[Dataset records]
Segment Open
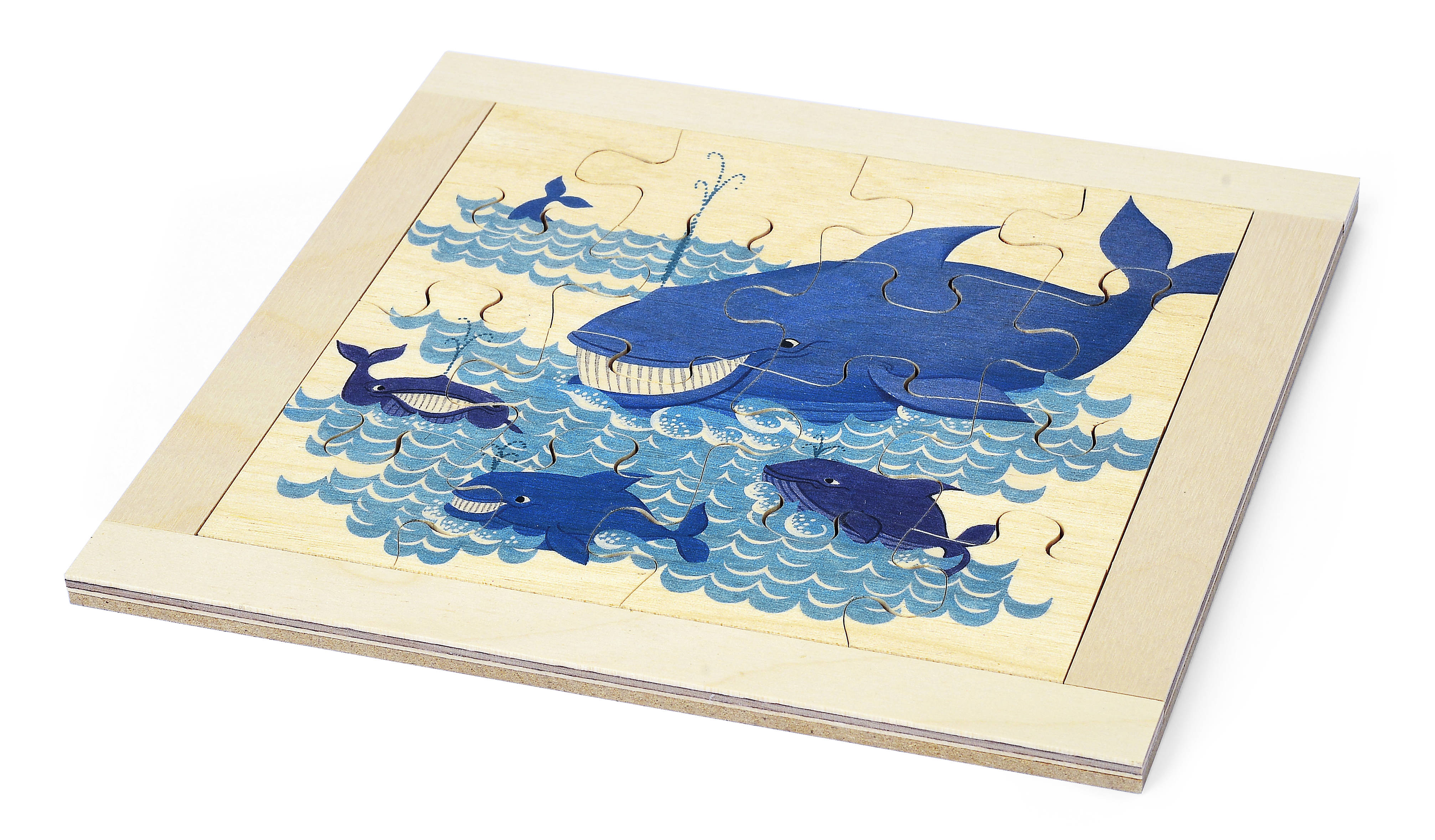 Dieses 16-teilige Sperrholzpuzzle zeigt eine sanfte Walfamilie in einer lebendigen Unterwasserszene. Ideal für Kinder ab 3 Jahren, fördert es spielerisch Feinmotorik, Konzentration und das Interesse an der faszinierenden Welt der Meerestiere.
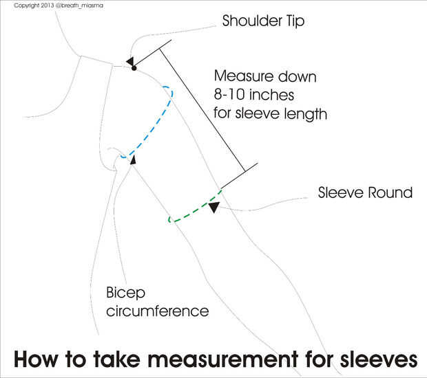 6. manga redondo medida = ___ pulgadas + 2 a 3 pulgadas facilidad. (De la medida del hombro hacia abajo por 8 a 10 pulgadas. En esta posición Mida la circunferencia del brazo.)
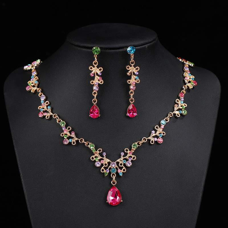 Cross Border Wedding Elegant Necklace Earrings 2 Piece Set Jewelry Fashion Elegant Dress Accessories Birthday Party Rhinestones
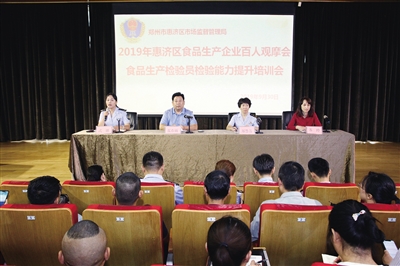 为进一步加强食品安全宣传工作,近日,郑州市惠济区市场监管局召开了食品生产企业百人观摩会及食品生产检验员检验能力提升培训会。该局执法人员、食品生产企业法人、小作坊负责人共百余人参加观摩培训会。
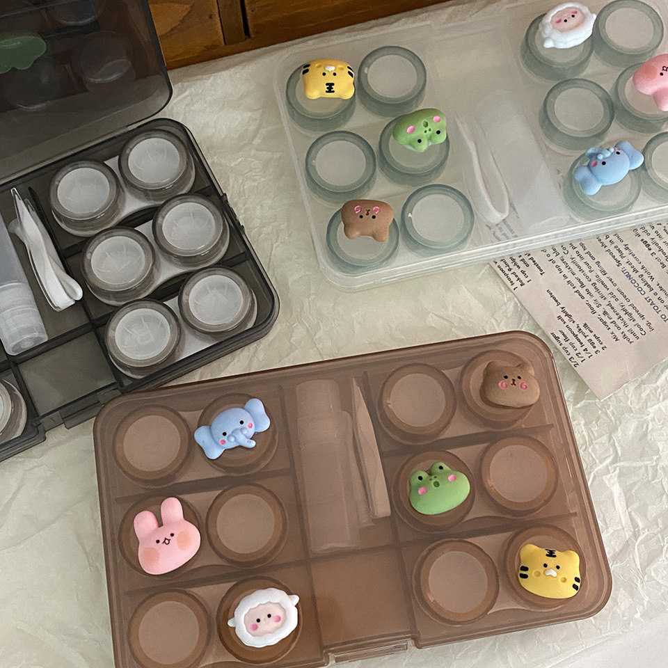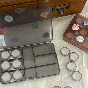 卡通六联美瞳盒多副装 收纳盒简约少女家用宿舍大容量便携透明盒子
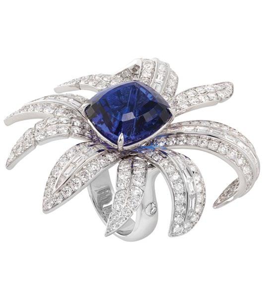 Ring featuring tanzanite (17. 38 ct) and diamonds. Crafted in 18-karat white gold.
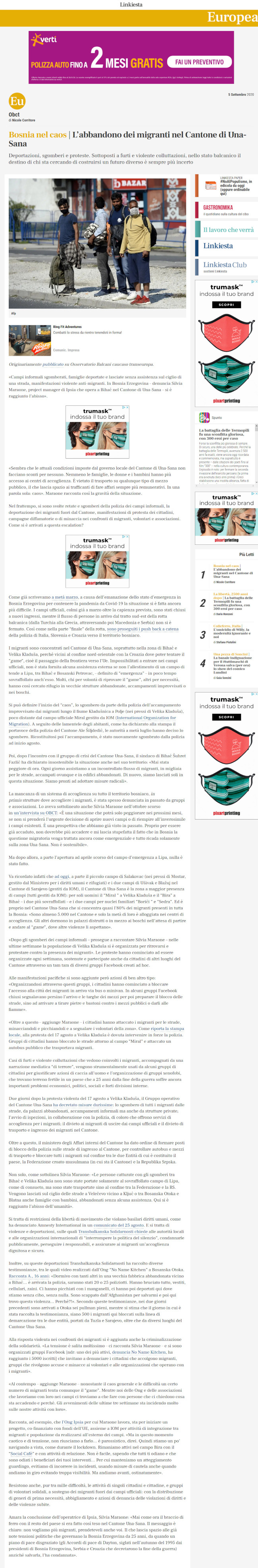 Ripubblicazione dell’articolo di Nicole Corritore “Migranti: caos Bosnia”, Linkiesta 05/09/2020
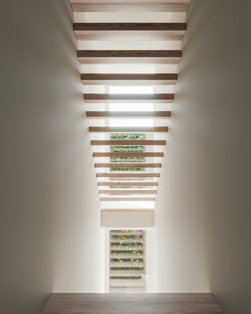 The house is composed of four floors, preserving historical elements such as the plot boundary wall, entrance staircase and conversation seats, pergola, and terrace-balcony.
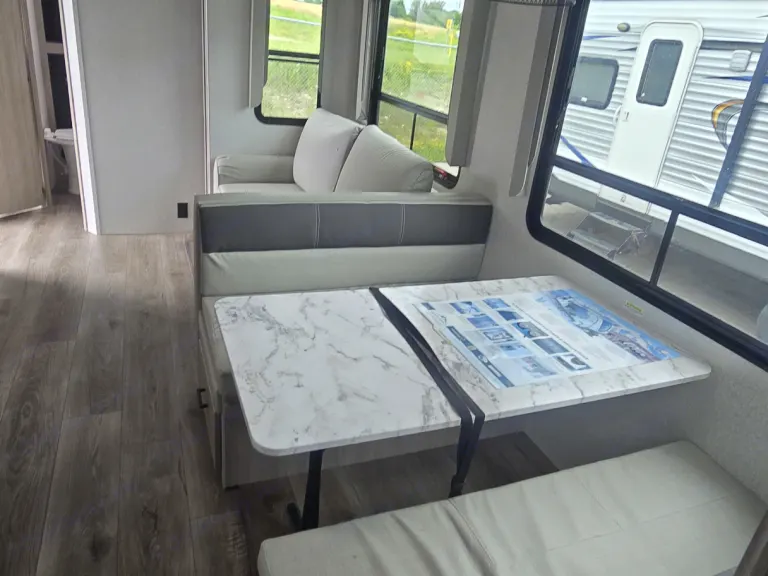 - Ample Storage: Under bed storage, pullout storage drawers under the dinette, and pass-through storage with slam baggage doors.
Segment Closed
PROBLEM STATEMENT:
When you reach the line that contains "卡通六联美瞳盒多副装 收纳盒简约少女家用宿舍大容量便携透明盒子", start reproducing, and continue word for word to the end of the records; skip all pictures.

RESPONSE TO THE TASK:
 卡通六联美瞳盒多副装 收纳盒简约少女家用宿舍大容量便携透明盒子
 Ring featuring tanzanite (17. 38 ct) and diamonds. Crafted in 18-karat white gold.
 Ripubblicazione dell’articolo di Nicole Corritore “Migranti: caos Bosnia”, Linkiesta 05/09/2020
 The house is composed of four floors, preserving historical elements such as the plot boundary wall, entrance staircase and conversation seats, pergola, and terrace-balcony.
 - Ample Storage: Under bed storage, pullout storage drawers under the dinette, and pass-through storage with slam baggage doors.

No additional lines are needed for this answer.